All that is wanted is the exact text of the lines below from the one with "W cyklu: „Kroplówka" through the one with "Ekskluzywna kartka świąteczna", inclusive, minus any pictures.

→ **Given data**:
· · · · · · ·

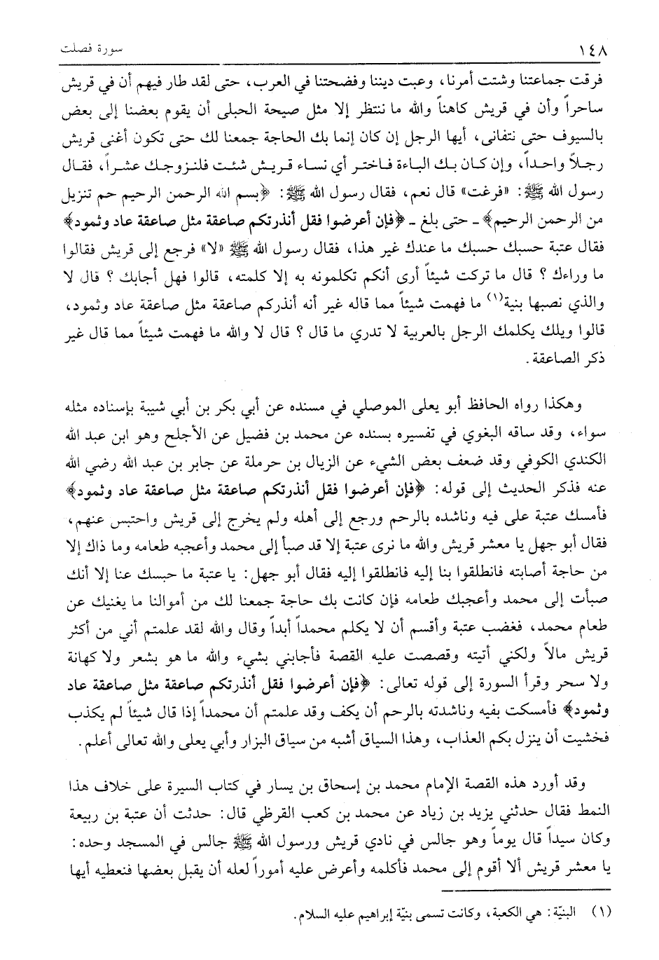 فَرَّقْتَ جَمَاعَتَنَا وَشَتَّتَّ أَمْرَنَا، وَعِبْتَ دِينَنَا وَفَضَحْتَنَا فِي الْعَرَبِ، حَتَّى لَقَدْ طَارَ فِيهِمْ أَنَّ فِي قُرَيْشٍ سَاحِرًا وَأَنَّ فِي قُرَيْشٍ كَاهِنًا والله ما ننتظر إِلَّا مِثْلَ صَيْحَةِ الْحُبْلَى أَنْ يَقُومَ بَعْضُنَا إِلَى بَعْضٍ بِالسُّيُوفِ حَتَّى نَتَفَانَى، أَيُّهَا الرَّجُلُ إِنْ كَانَ إِنَّمَا بِكَ الْحَاجَةُ جَمَعْنَا لَكَ حتى تكون أغنى قريش رجلا واحدا، وإن كان بِكَ الْبَاءَةُ فَاخْتَرْ أَيَّ نِسَاءِ قُرَيْشٍ شِئْتَ فَلْنُزَوِّجْكَ عَشْرًا، فَقَالَ رَسُولُ اللَّهِ صَلَّى اللَّهُ عَلَيْهِ وَسَلَّمَ: «فَرَغْتَ» قَالَ نَعَمْ، فَقَالَ رَسُولُ اللَّهِ صَلَّى اللَّهُ عَلَيْهِ وَسَلَّمَ: بِسْمِ اللَّهِ الرَّحْمنِ الرَّحِيمِ حم تَنْزِيلٌ مِنَ الرَّحْمنِ الرَّحِيمِ- حَتَّى بَلَغَ- فَإِنْ أَعْرَضُوا فَقُلْ أَنْذَرْتُكُمْ صاعِقَةً مِثْلَ صاعِقَةِ عادٍ وَثَمُودَ فَقَالَ عُتْبَةُ حَسْبُكَ حسبك ما عندك غير هَذَا، فَقَالَ رَسُولُ اللَّهِ صَلَّى اللَّهُ عَلَيْهِ وَسَلَّمَ «لَا» فَرَجَعَ إِلَى قُرَيْشٍ فَقَالُوا مَا وَرَاءَكَ؟ قَالَ مَا تَرَكْتُ شَيْئًا أَرَى أَنَّكُمْ تُكَلِّمُونَهُ بِهِ إِلَّا كَلَّمْتُهُ، قَالُوا فَهَلْ أَجَابَكَ؟ قَالَ لَا وَالَّذِي نَصَبَهَا بَنِيَّةً «1» مَا فَهِمْتُ شَيْئًا مما قاله غَيْرَ أَنَّهُ أَنْذَرَكُمْ صَاعِقَةً مِثْلَ صَاعِقَةِ عَادٍ وثمود، قالوا ويلك يكلمك الرجل بالعربية لا تَدْرِي مَا قَالَ؟ قَالَ لَا وَاللَّهِ مَا فَهِمْتُ شَيْئًا مِمَّا قَالَ غَيْرَ ذِكْرِ الصَّاعِقَةِ.
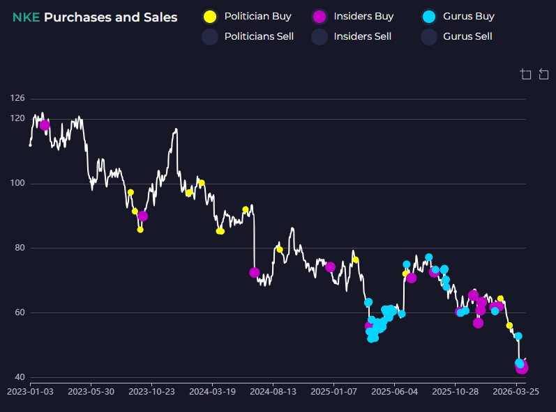π Nike's Insiders Speak with Their Wallets On April 10, Apple CEO Tim Cook purchased 25,000 shares of Nike at $42.43 per share β spending over $1 million near the stock's 52-week low. Nike's own CEO Elliott Hill added 23,660 shares at $42.27 each on April 13. Two insiders. Two purchases within three days. Both near the bottom. The stock is trading at multi-year lows, hammered by tariff pressures squeezing gross margins to 40.2% and a 7% decline in Greater China revenue during Q3. Cook has been a Nike board member since 2005 β he doesn't buy stock near 9-year lows without conviction. The CEO buying alongside a board member of that profile isn't a coincidence. It's a message.
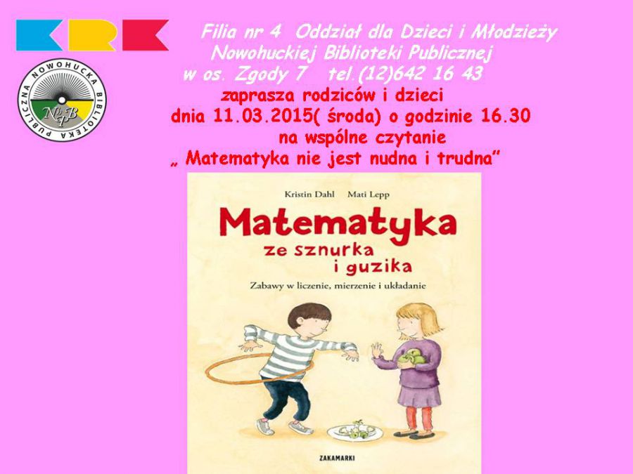 W cyklu: „Kroplówka z literatury” Wspólne czytanie dla dzieci i rodziców.
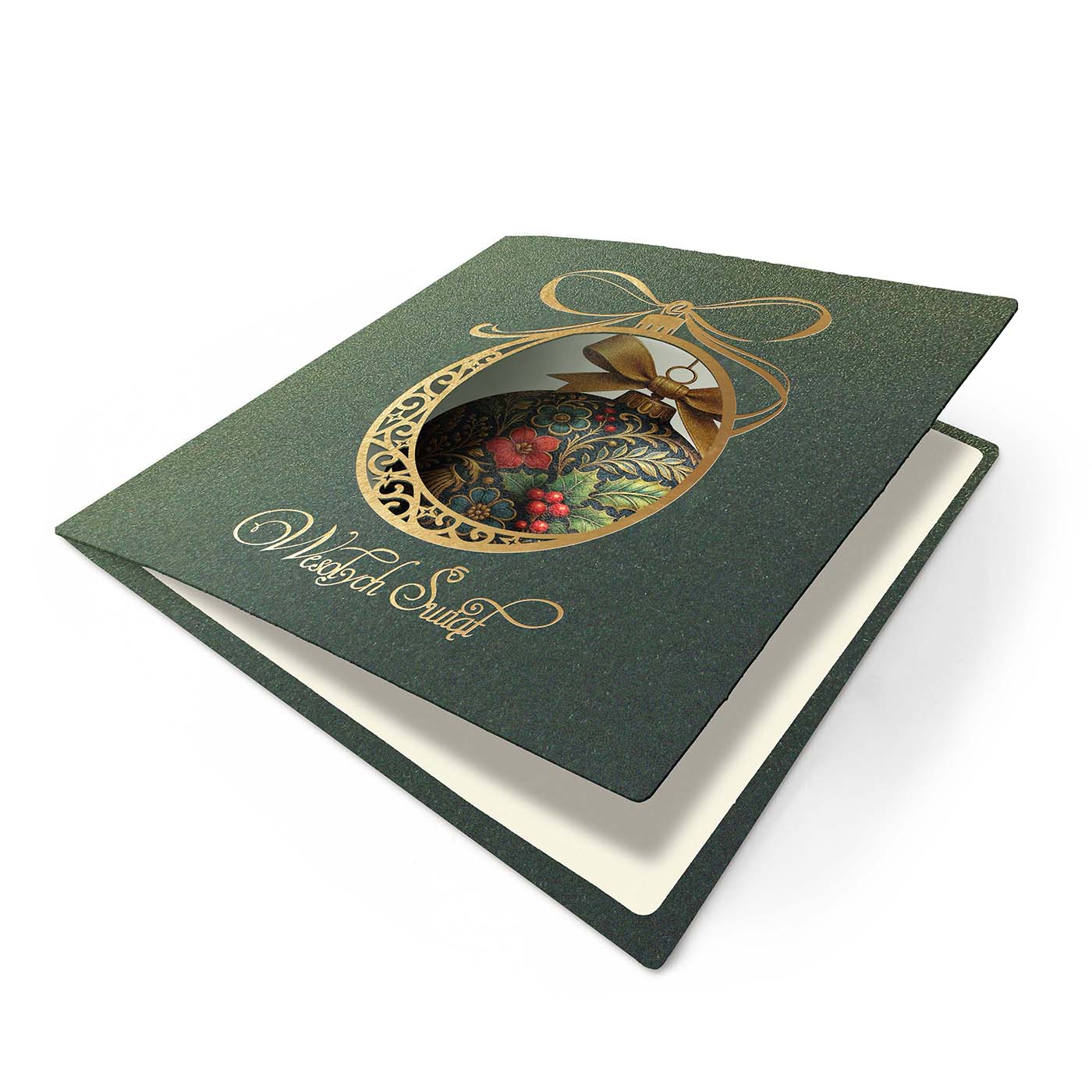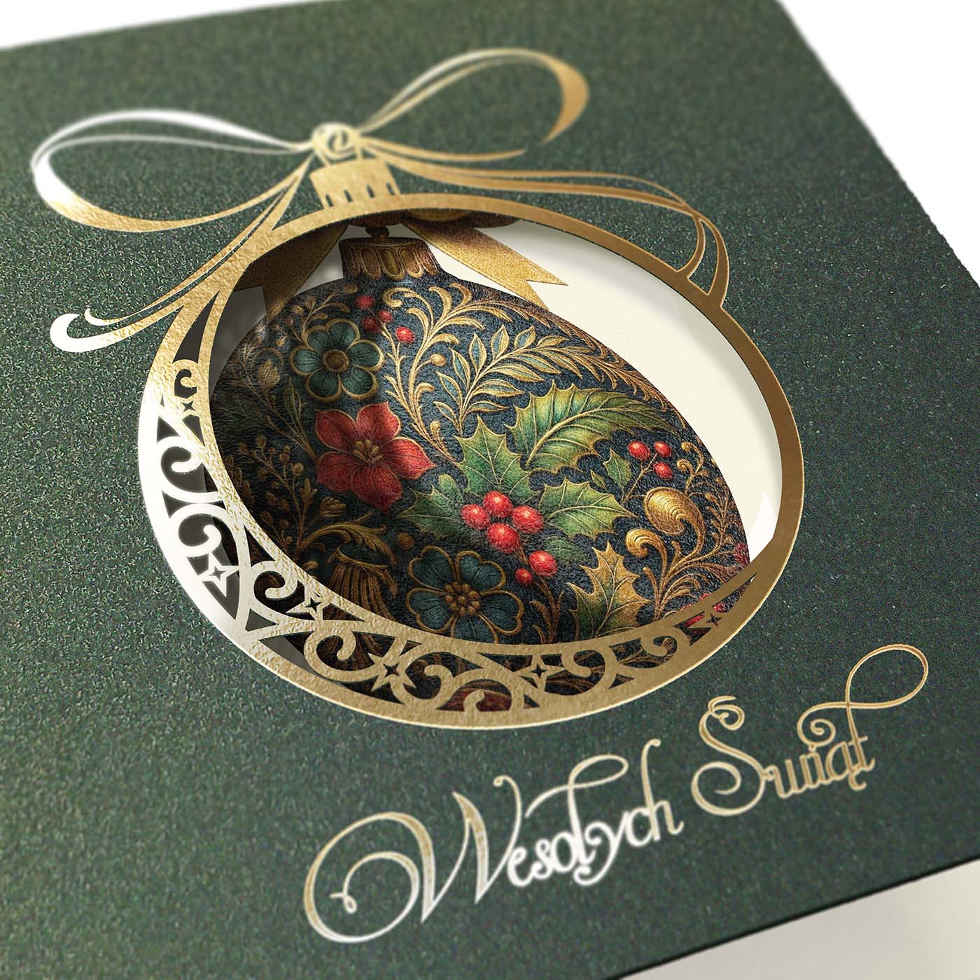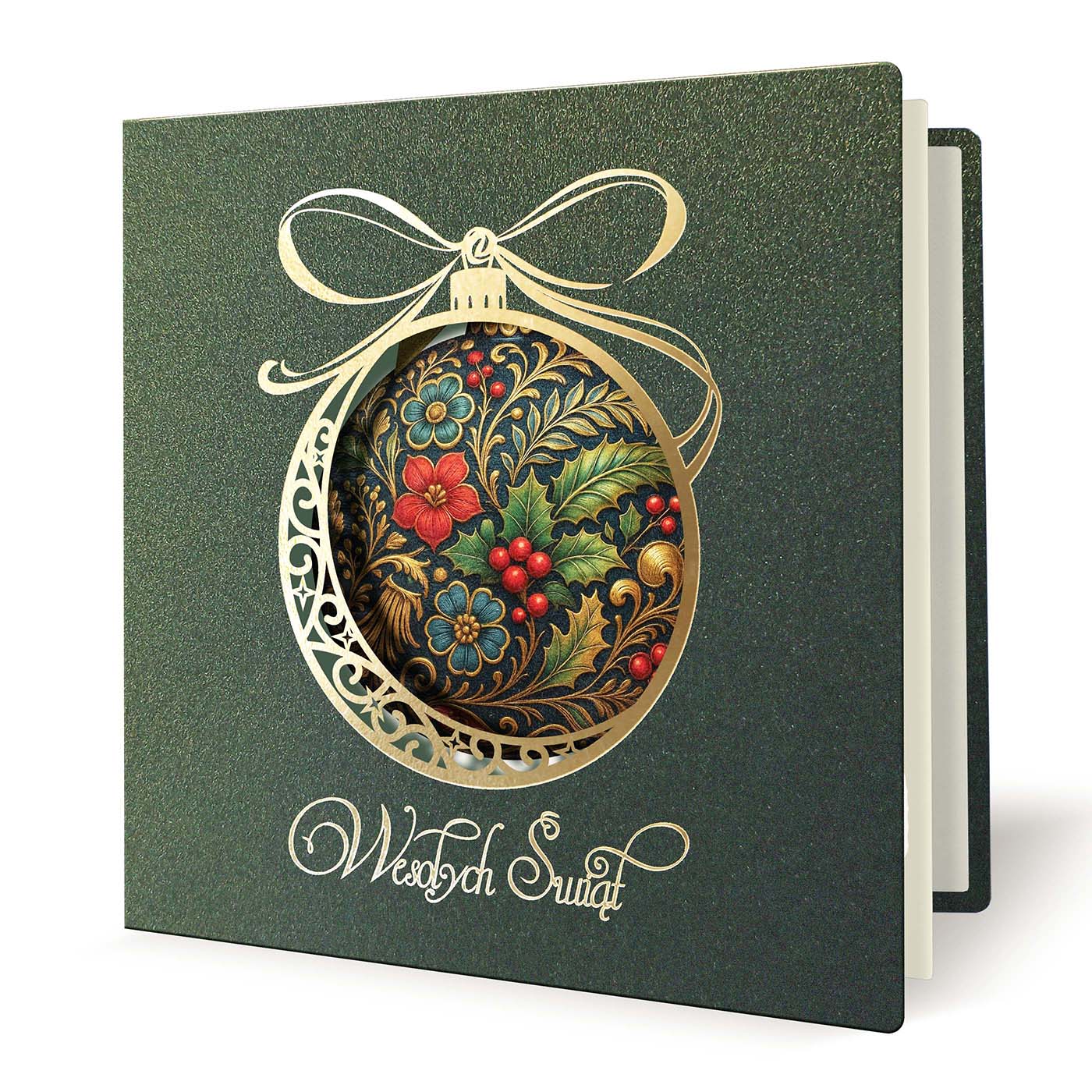 Ekskluzywna kartka świąteczna wykonana z wysokiej jakości papieru metalizowanego w eleganckim, głębokim zielonym odcieniu. Okładkę zdobi precyzyjnie wycięty laserowo motyw bombki, ozdobiony prawdziwym złoceniem. Wewnątrz bombki umieszczono bogaty, dekoracyjny wzór z motywem liści ostrokrzewu, czerwonych jagód i złoconych detali - w stylu klasycznego ornamentu. Całość dopełnia złocony napis Wesołych Świąt.
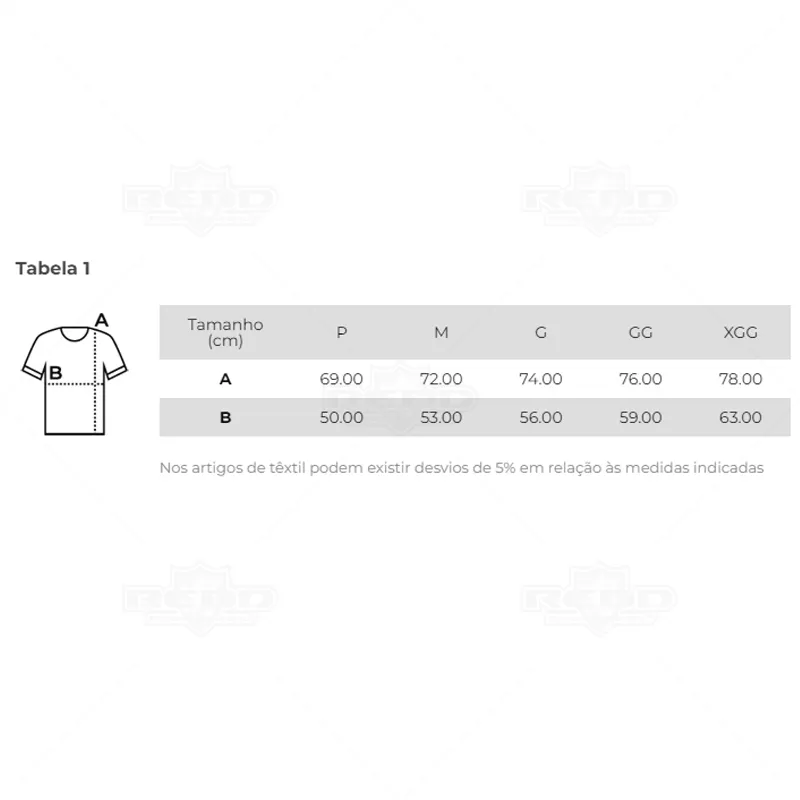 Camiseta unissex de corte regular em malha 100% algodão (135 g/m2) com fio 30/1 misto. Com gola em ribana 1,5x1,5 com fita de reforço e com costura dupla nas mangas, barra de fundo e laterais. Personalização em transfer 280 X 200 mm. Tamanhos: P (A69 x B50cm), M (A72 x B53cm), G (74 x 56cm), GG (A76 x B59cm), XGG (78.0 x 63.0). Obs: Nos artigos de têxtil podem existir desvios de 5% em relação às medidas indicadas.
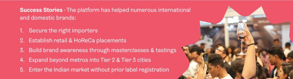 - Access: Importers, distributors, sommeliers, bartenders, retailers & F&B heads, Trade agencies and government delegations—all in one place
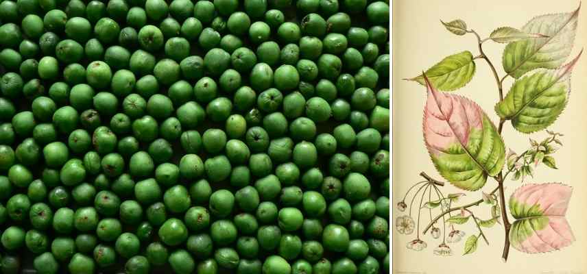 Fruits du Kiwaï (à gauche) et planche botanique du Kiwi kolomita

· · · · · · ·

→ **Answer space**:
 W cyklu: „Kroplówka z literatury” Wspólne czytanie dla dzieci i rodziców.
 Ekskluzywna kartka świąteczna wykonana z wysokiej jakości papieru metalizowanego w eleganckim, głębokim zielonym odcieniu. Okładkę zdobi precyzyjnie wycięty laserowo motyw bombki, ozdobiony prawdziwym złoceniem. Wewnątrz bombki umieszczono bogaty, dekoracyjny wzór z motywem liści ostrokrzewu, czerwonych jagód i złoconych detali - w stylu klasycznego ornamentu. Całość dopełnia złocony napis Wesołych Świąt.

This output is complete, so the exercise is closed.